Averaging Gradients in DistributedDataParallel

I am a bit confused about averaging gradients in distributed data-parallel. It seems there are two examples from the PyTorch documentation that are different. In one example, you create the model and just pass it to the GPU available then create a separate function to average gradients.

def average_gradients(model):
    """ Gradient averaging. """
    size = float(dist.get_world_size())
    for param in model.parameters():
        dist.all_reduce(param.grad.data, op=dist.reduce_op.SUM)
        param.grad.data /= size

and its executed as follows.

        outputs = model(inputs)
        loss = loss_function(outputs, labels)

The other approach I have seen doesn’t create a separate function and just calls DPP.

    model = ToyModel().cuda(device_ids[0])
    ddp_model = DDP(model, device_ids)

    loss_fn = nn.MSELoss()
    optimizer = optim.SGD(ddp_model.parameters(), lr=0.001)

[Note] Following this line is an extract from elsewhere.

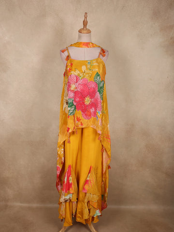 Mustard Yellow Crepe Anarkali Salwar Suit with Floral Prints Paired with Dupatta and Waist Belt - Diadem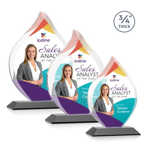Ignite the fire of recognition with the Cavazos Full Color Black Flame Crystal Trophy, a compelling symbol of passion and achievement. Crafted from the finest crystal with an elegant flame shape, this trophy captures the essence of success with its deep bevels and sleek mitered base. It stands as a vibrant testament to exceptional accomplishments, perfect for those who have blazed their own trail. Choose from an array of nine distinct base colors to personalize the backdrop for the dazzling full-color customization area, ensuring your award is as unique as the individual it honors. Each award comes thoughtfully packaged in a luxurious black satin-lined presentation gift box, making it ready to present and cherish. Whether you're celebrating a 'Sales Analyst of the Year' or any other outstanding achievement, this trophy is designed to be a thrilling and lasting tribute to excellence.

    outputs = ddp_model(torch.randn(20, 10))
    labels = torch.randn(20, 5).to(device_ids[0])
    loss_fn(outputs, labels).backward()

I would like to know whats the difference between the two approaches and which one should one use for distributed training in a HPC cluster. I specifically want to use two nodes, each with 4 GPUs.

Hey @ankahira, usually, there are 4 steps in distributed data parallel training:

  1. local forward to compute loss
  2. local backward to compute local gradients
  3. allreduce (communication) to compute global gradients. This would be allreduce with SUM + divide by world size to calculate average
  4. optimizer step to use global gradients to update parameters

Both examples you mentioned above conduct the same four steps and are mathematically equivalent. The difference is that DDP would allow step 2 (backward computation) and 3 (allreduce communication) to overlap and therefore DDP is expected to be faster than the average_gradients approach.

More specifically, in the first example with average_gradients, there is a hard barrier between backward and allreduce, i.e., no comm can start before computation finishes. In the second example, DDP organizes gradients into buckets, and will launch comm as soon as a bucket of gradients are ready, so that computation and communication can run in parallel. This would help explain that.

I would recommend DDP. :slight_smile:


Why would we need to divide the gradients by word size in step 3?

Because in many cases, the loss function computes per-sample loss (e.g., default MSELoss) instead of aggregated loss (e.g., default sum). So, DDP calculates the average and tries to keep the gradients scale consistent with local training.